Well, the folks at The Unofficial DC Chronology have taken this matter to heart and are attempting to place all the appearances of DC characters into chronological order. Besides this, there are also synopsis of stories, covers, and writer and artist credits attached to many of the indexed items.
Today, as we peruse our favorite four color publications, we take it for granted, that somewhere,whether it be on the splash page, the final page, or on the inside front or back covers, there will be credits that tell us who wrote the book and who supplied the art. Ah, but 'twas not ever so. In the olden days (pre EC) artists were rarely afforded the privilege of signing their names to their work and as for writers...who knew!

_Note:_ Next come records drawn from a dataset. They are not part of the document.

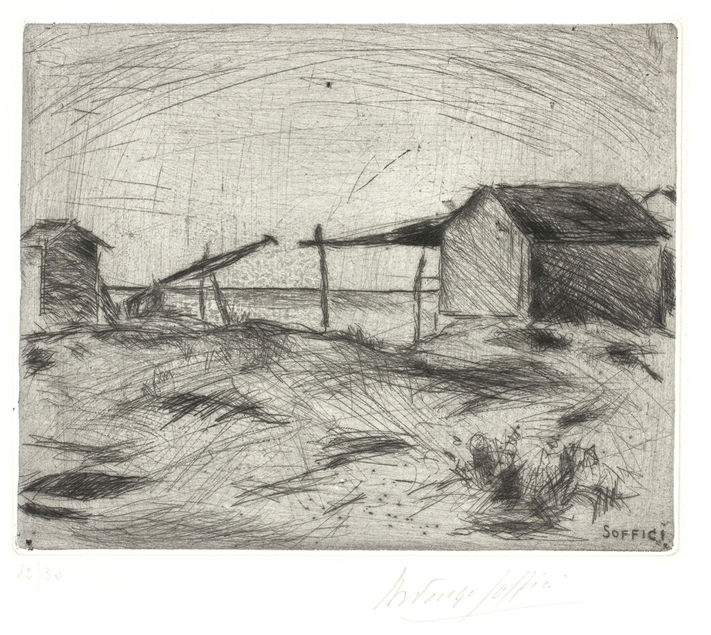 ARDENGO SOFFICI Marina a Forte dei Marmi - Capanno, 1927/28 Puntasecca, es. 12\30, 19 x 23,5 cm lastra; 46 x 63,5 cm foglio Firma in basso a destra: Soffici Tiratura in basso a sinistra
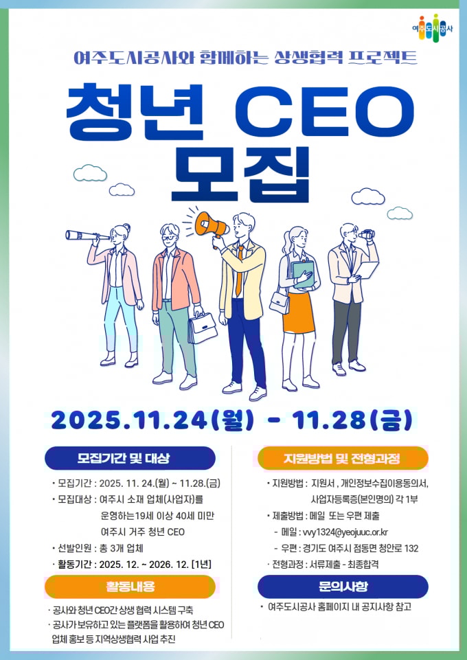 여주도시공사(이하 '공사')는 지역 청년 사업가의 성장을 지원하고 공사와 민간의 상생협력 기발을 구축하기 위해 오는 24일부터 28일까지 '청년 CEO'를 모집한다고 25일 밝혔다.
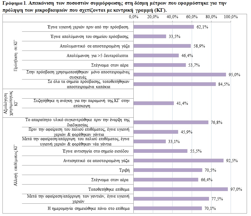 ΣΥΜΜΟΡΦΩΣΗ ΤΩΝ ΕΠΑΓΓΕΛΜΑΤΙΩΝ ΥΓΕΙΑΣ ΣΤΗ ΔΕΣΜΗ ΜΕΤΡΩΝ ΓΙΑ ΤΗΝ ΠΡΟΛΗΨΗ ΤΩΝ ΜΙΚΡΟΒΙΑΙΜΙΩΝ ΠΟΥ ΣΧΕΤΙΖΟΝΤΑΙ ΜΕ ΚΕΝΤΡΙΚΗ ΓΡΑΜΜΗ
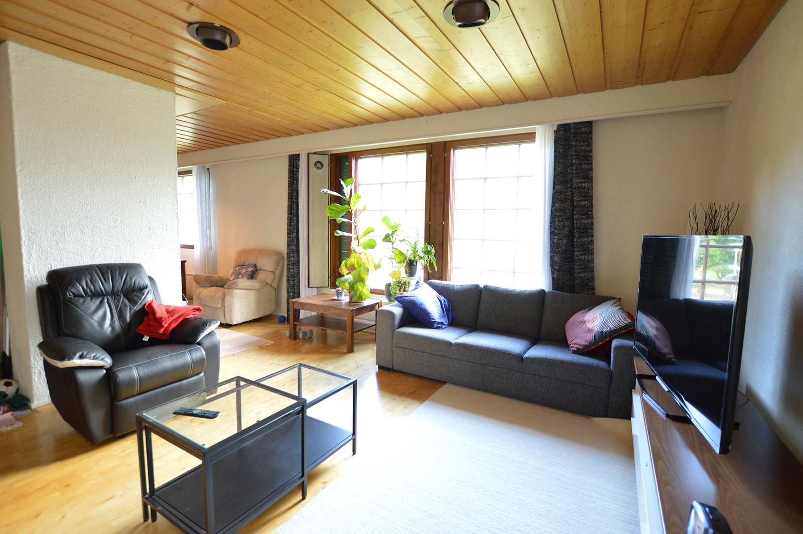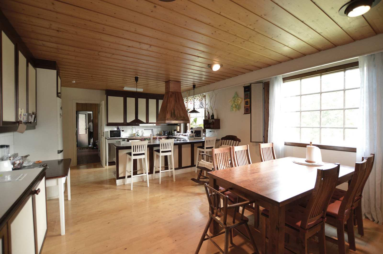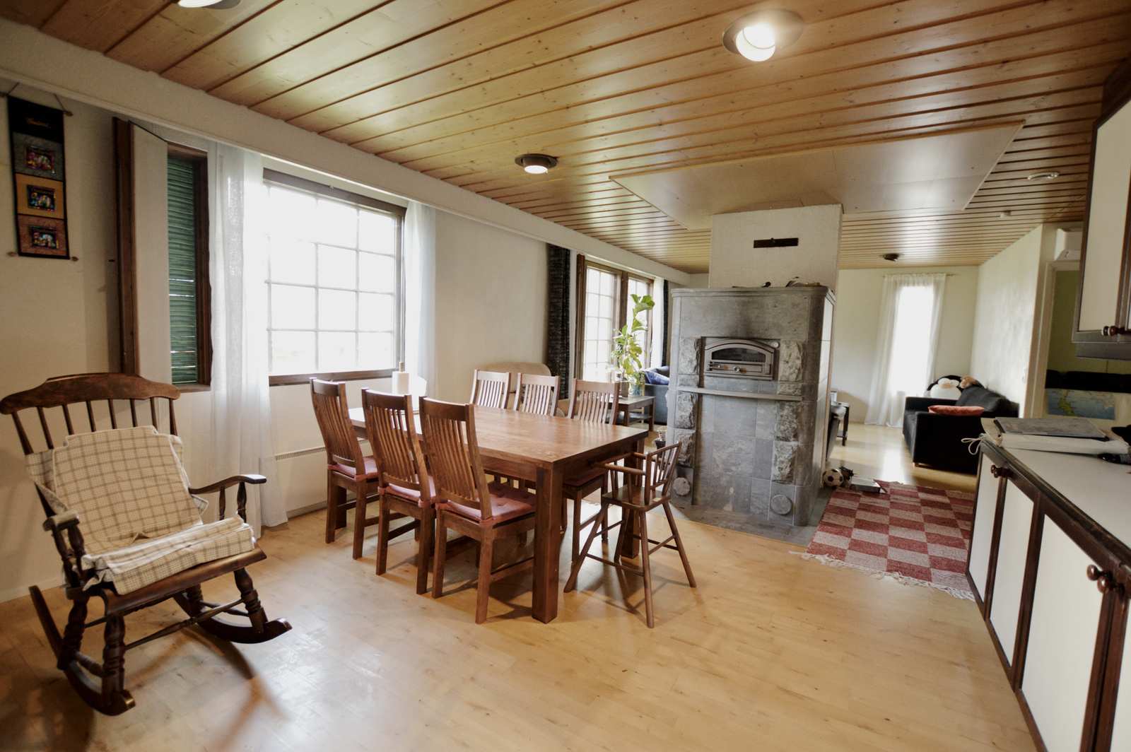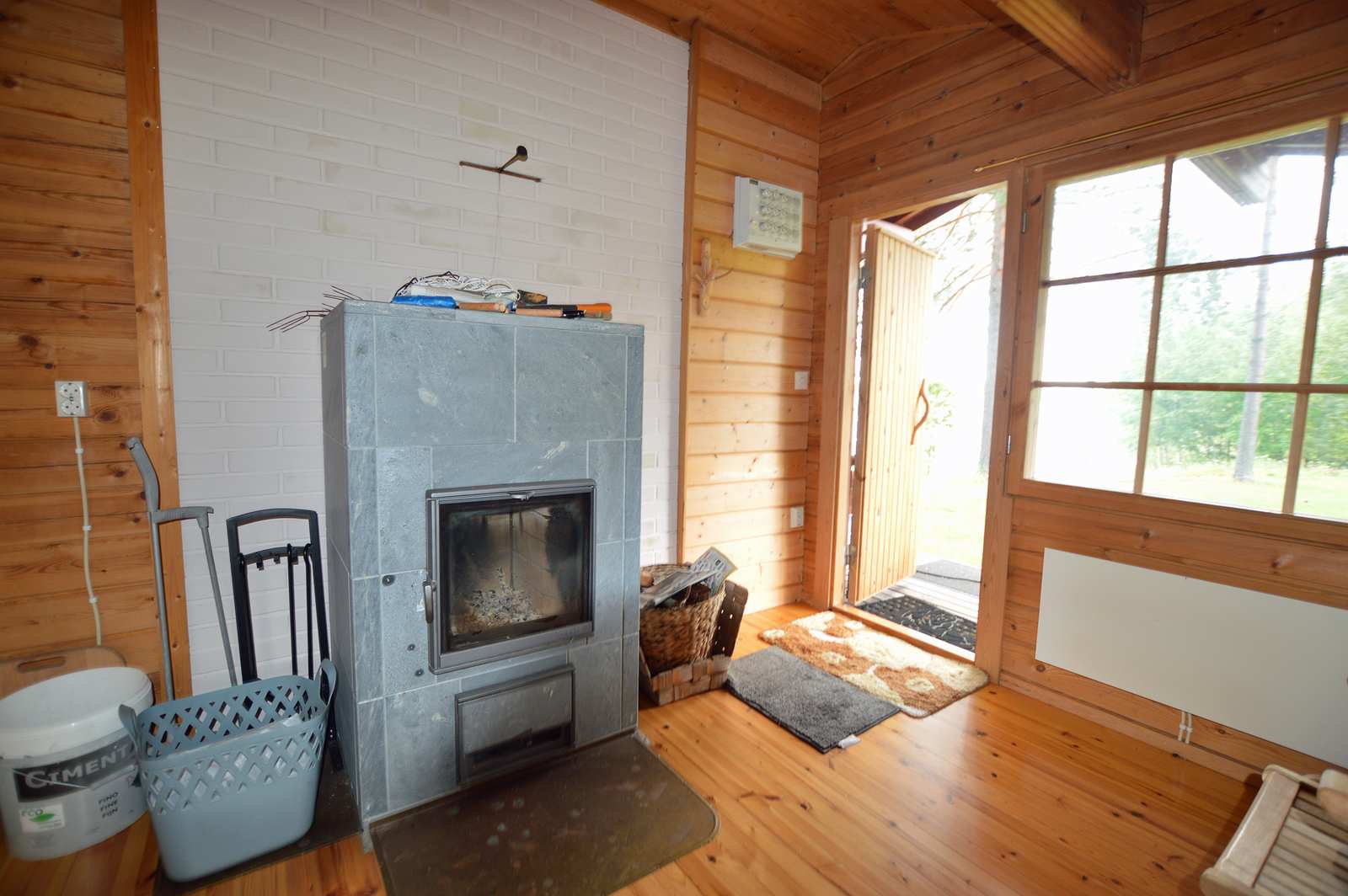 Olohuone | Lattiassa parketti, seinissä maali, katossa puupaneeli. Varaava takka. |
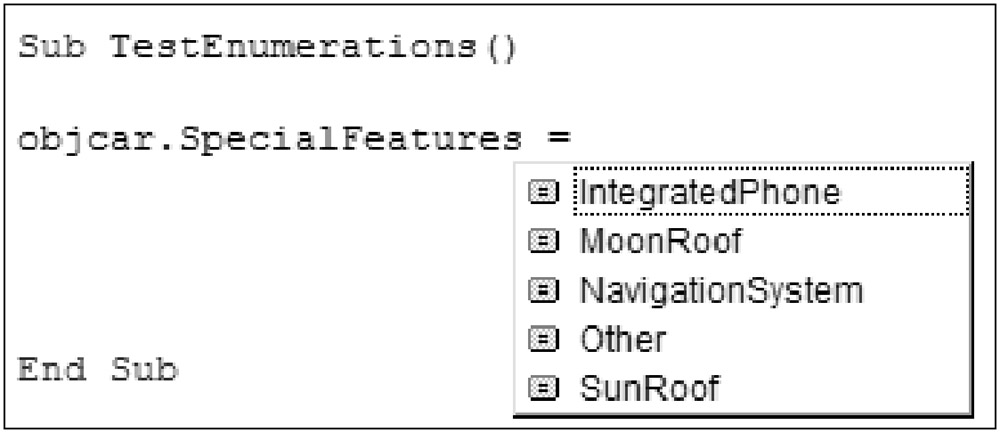 Now anytime you try to set that property using an assignment statement, you are limited to those values specified in the enumeration declaration, as shown in Figure 4-14.
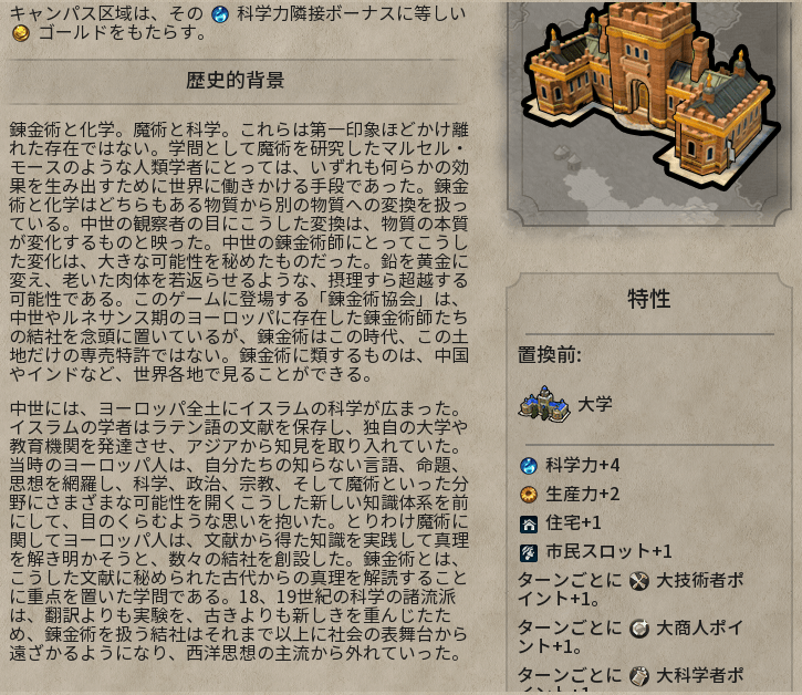 錬金術教会は工業系の偉人ptにボーナスが得られ、アラビアであればマドラサとの同居が可能です。
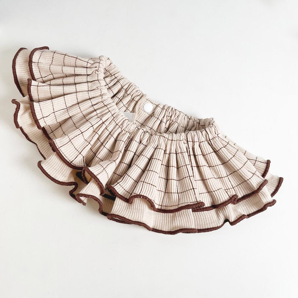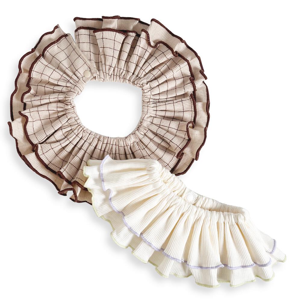 ぐるりと入ったたっぷりギャザーのフリルがふんわりと揺れ、着けるだけでコーデが華やかに。
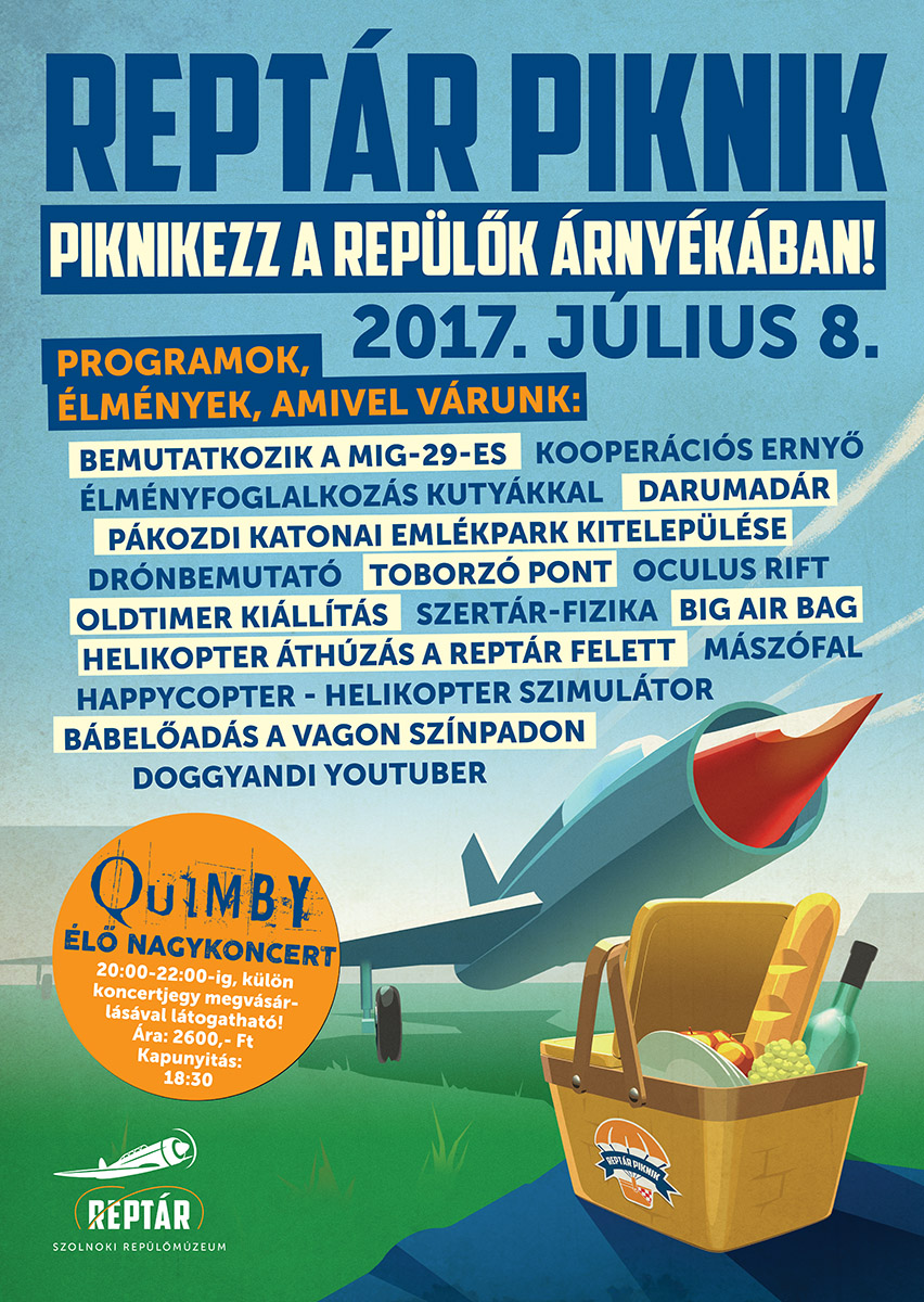 Ahogy a rendezvény nevében is benne van, bárki leterítheti lepedőjét a MiG-ek árnyékában, piknikezhet a kiállított repülők között. A RepTár Piknik reggel kilenctől 18 óráig várja látogatóit, este nyolckor a Quimby koncertje zárja a napot, erre már megvásárolhatók a jegyek a repülőmúzeum recepcióján.

Who Drew Superman? is a site dedicated to giving credit where credit is due in the art department and features tons of scans that attempt to identify all of the artists who worked on the Man of Steel in the era before credits were common. On the site, you will be able to search by artist or era, see examples of the artists' work and also get a good dose of biographical information as well. Another link at the top of the site will also take you to Who Drew Batman?.
There is a wealth of material here about the Spirit, including the cat yronwode index to all The Spirit appearances, which can be downloaded. Also, there are lots of links and some information on Eisner's comic work for the army.
Bud Plant has been around since...well it seems like forever and has established a world wide reputation as a fair and honest retailer. Recently, the company has changed its name from Bud Plant Comic Art to Bud's Art Books, but it still features the same great customer service and the website is extremely easy to navigate. You will find a large number of comic book and comic strip collections here, along with lots of single artist collections and retrospectives.
Ken Pierce is another dependable and honest dealer who seemingly has been around forever. There have been numerous comic strip reprints done under the Ken Pierce imprint and his current web site features many strip and comic book collections that are not available anywhere else.
The Pacific Comics Club started reprinting comic strips in the late 60s and, under Tony Raiola, continues to flourish to this day. Tony also has a positive world wide reputation and the Pacific Comics site features many strip reprints that are not available from Plant or Pierce.